(Records contained in a dataset)
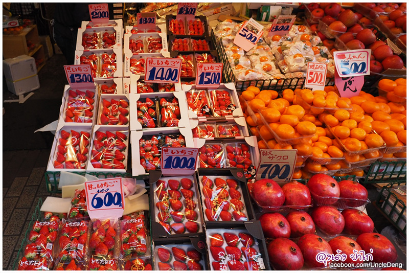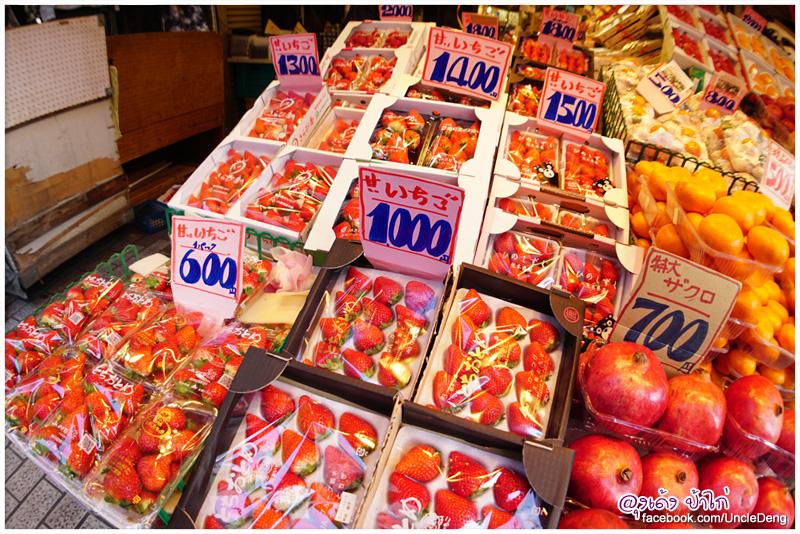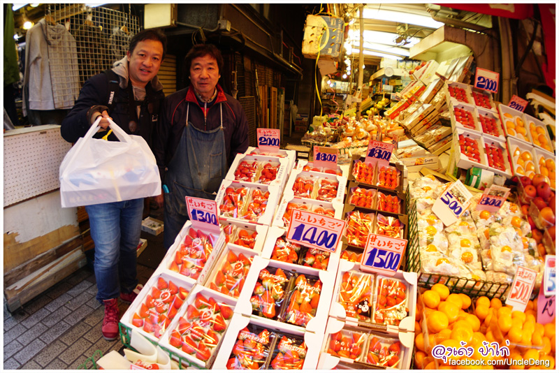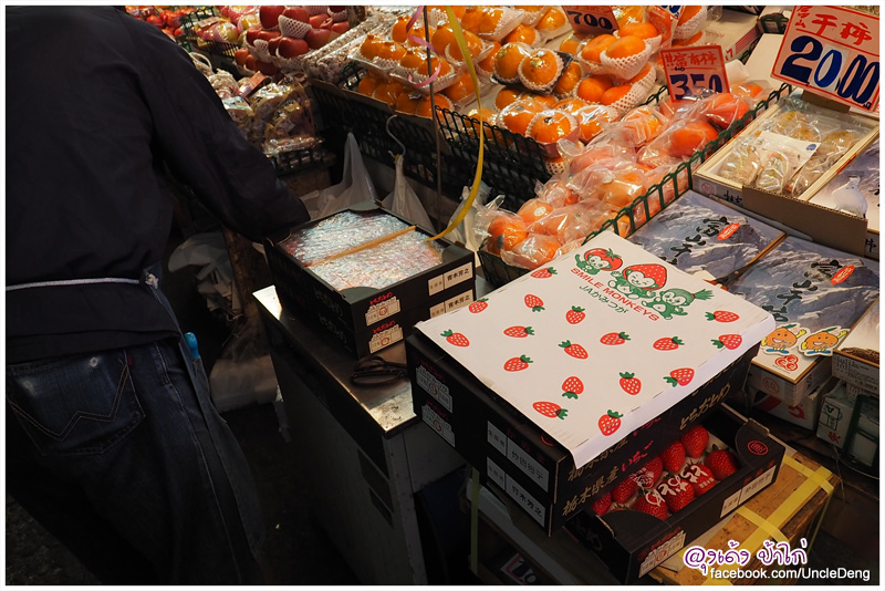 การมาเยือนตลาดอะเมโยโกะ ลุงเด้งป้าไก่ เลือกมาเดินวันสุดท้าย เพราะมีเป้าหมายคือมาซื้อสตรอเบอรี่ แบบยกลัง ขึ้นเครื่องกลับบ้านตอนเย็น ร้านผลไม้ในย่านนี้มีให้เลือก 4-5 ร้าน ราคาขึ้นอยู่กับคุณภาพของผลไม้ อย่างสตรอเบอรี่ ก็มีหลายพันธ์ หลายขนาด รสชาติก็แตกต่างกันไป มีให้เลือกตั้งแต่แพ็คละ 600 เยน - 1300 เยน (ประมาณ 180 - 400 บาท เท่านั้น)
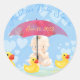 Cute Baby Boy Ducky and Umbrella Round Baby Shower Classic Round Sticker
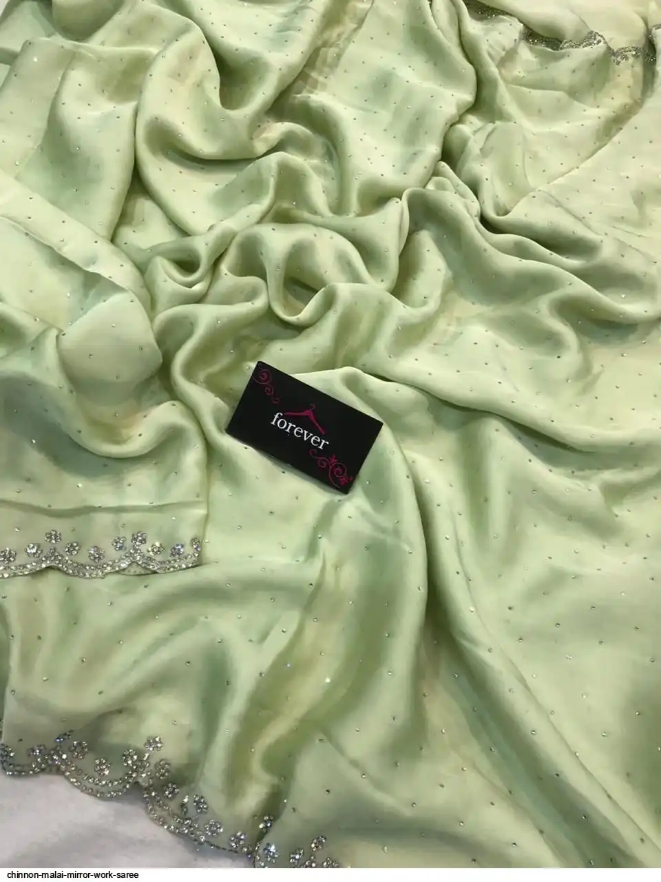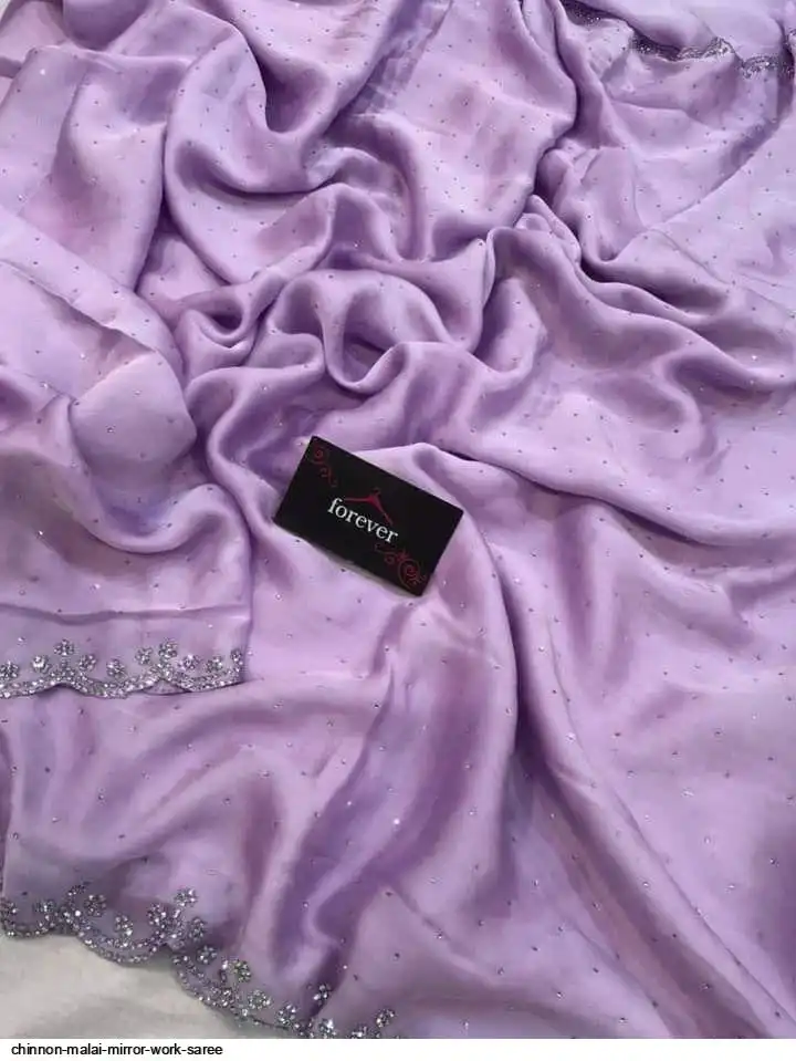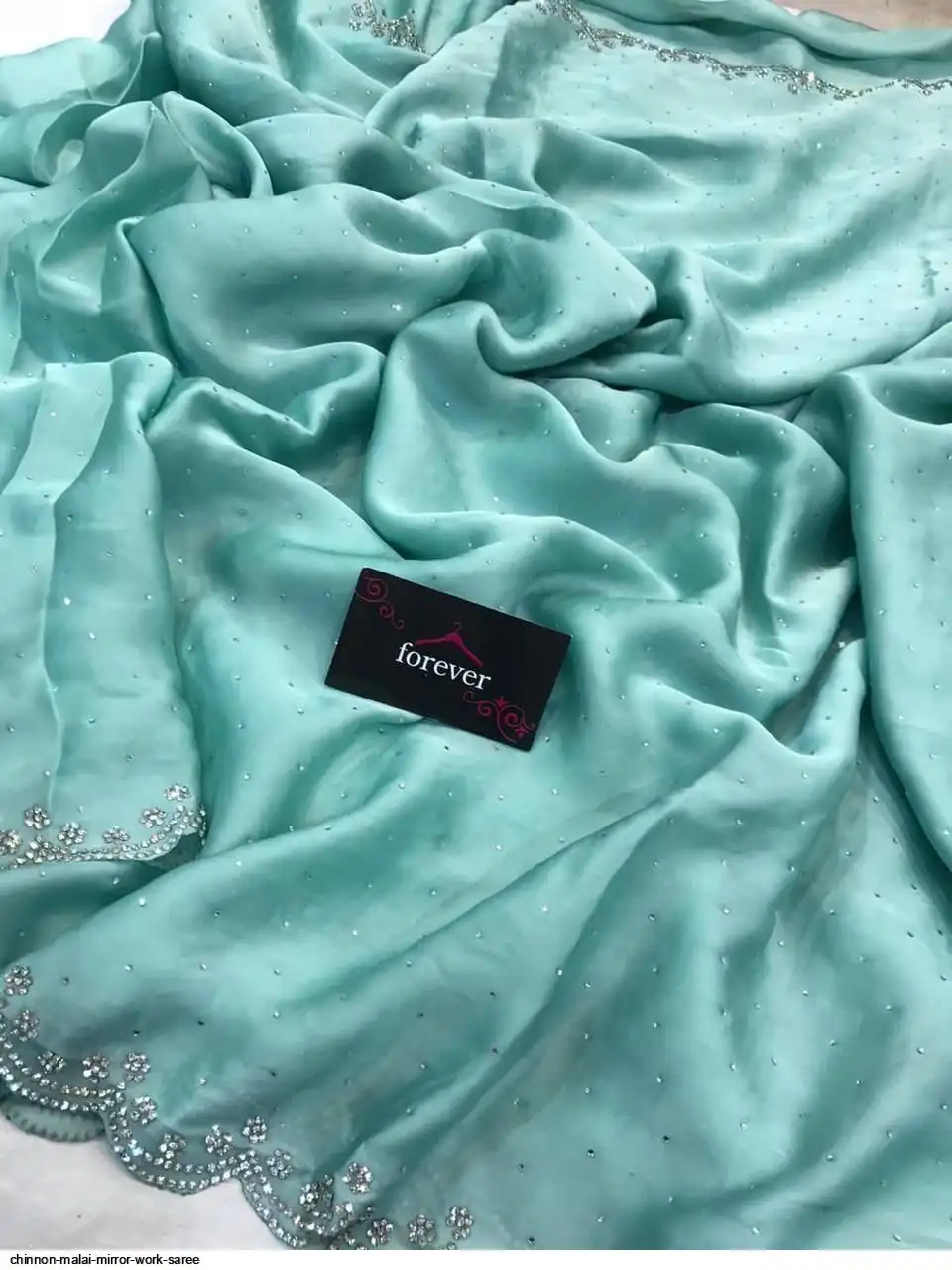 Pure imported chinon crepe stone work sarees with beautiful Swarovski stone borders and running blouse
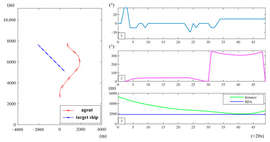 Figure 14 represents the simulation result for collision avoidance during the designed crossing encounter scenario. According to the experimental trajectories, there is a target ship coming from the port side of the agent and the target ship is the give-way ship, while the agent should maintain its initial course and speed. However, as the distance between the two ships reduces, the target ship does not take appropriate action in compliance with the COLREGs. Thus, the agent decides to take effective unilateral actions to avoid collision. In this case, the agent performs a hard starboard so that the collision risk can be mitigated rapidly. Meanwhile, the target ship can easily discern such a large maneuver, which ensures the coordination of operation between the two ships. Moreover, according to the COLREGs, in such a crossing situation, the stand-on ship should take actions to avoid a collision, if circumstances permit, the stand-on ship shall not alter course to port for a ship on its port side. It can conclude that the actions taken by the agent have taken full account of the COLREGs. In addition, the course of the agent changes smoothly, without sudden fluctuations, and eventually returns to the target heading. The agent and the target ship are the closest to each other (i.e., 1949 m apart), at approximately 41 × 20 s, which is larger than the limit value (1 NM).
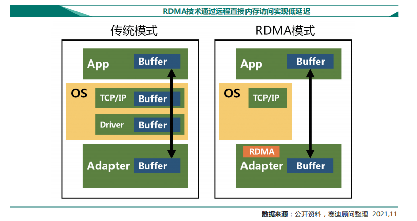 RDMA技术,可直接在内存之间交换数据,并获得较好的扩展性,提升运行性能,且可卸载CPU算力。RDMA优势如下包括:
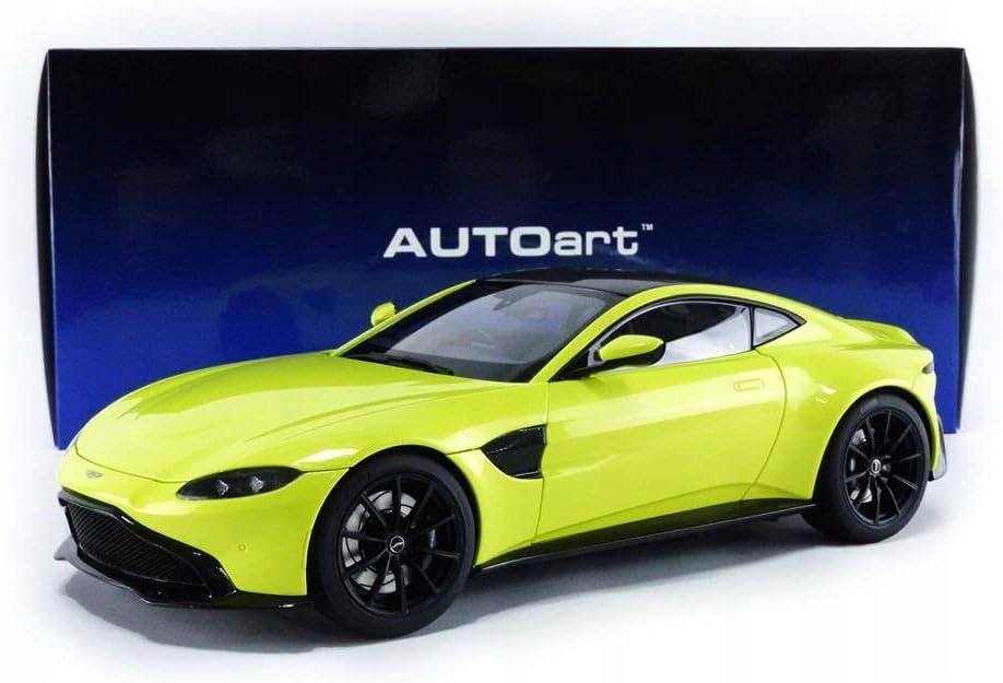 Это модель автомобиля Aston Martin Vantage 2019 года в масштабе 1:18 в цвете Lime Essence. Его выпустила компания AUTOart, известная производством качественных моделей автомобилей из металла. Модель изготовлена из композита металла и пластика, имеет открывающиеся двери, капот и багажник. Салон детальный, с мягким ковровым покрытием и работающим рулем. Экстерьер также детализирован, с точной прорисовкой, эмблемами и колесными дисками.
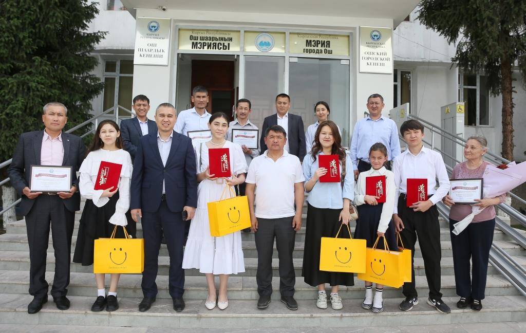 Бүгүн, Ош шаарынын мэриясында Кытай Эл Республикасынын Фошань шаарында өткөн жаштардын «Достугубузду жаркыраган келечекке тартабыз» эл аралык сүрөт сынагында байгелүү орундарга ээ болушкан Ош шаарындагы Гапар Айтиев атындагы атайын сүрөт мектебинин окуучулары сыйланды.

• [Problem details]:
Could you repeat, exactly and with nothing else, the lines from the first line of the records through the line containing "Pure imported chinon"? Leave out the pictures.

• [Exercise answer]:
 การมาเยือนตลาดอะเมโยโกะ ลุงเด้งป้าไก่ เลือกมาเดินวันสุดท้าย เพราะมีเป้าหมายคือมาซื้อสตรอเบอรี่ แบบยกลัง ขึ้นเครื่องกลับบ้านตอนเย็น ร้านผลไม้ในย่านนี้มีให้เลือก 4-5 ร้าน ราคาขึ้นอยู่กับคุณภาพของผลไม้ อย่างสตรอเบอรี่ ก็มีหลายพันธ์ หลายขนาด รสชาติก็แตกต่างกันไป มีให้เลือกตั้งแต่แพ็คละ 600 เยน - 1300 เยน (ประมาณ 180 - 400 บาท เท่านั้น)
 Cute Baby Boy Ducky and Umbrella Round Baby Shower Classic Round Sticker
 Pure imported chinon crepe stone work sarees with beautiful Swarovski stone borders and running blouse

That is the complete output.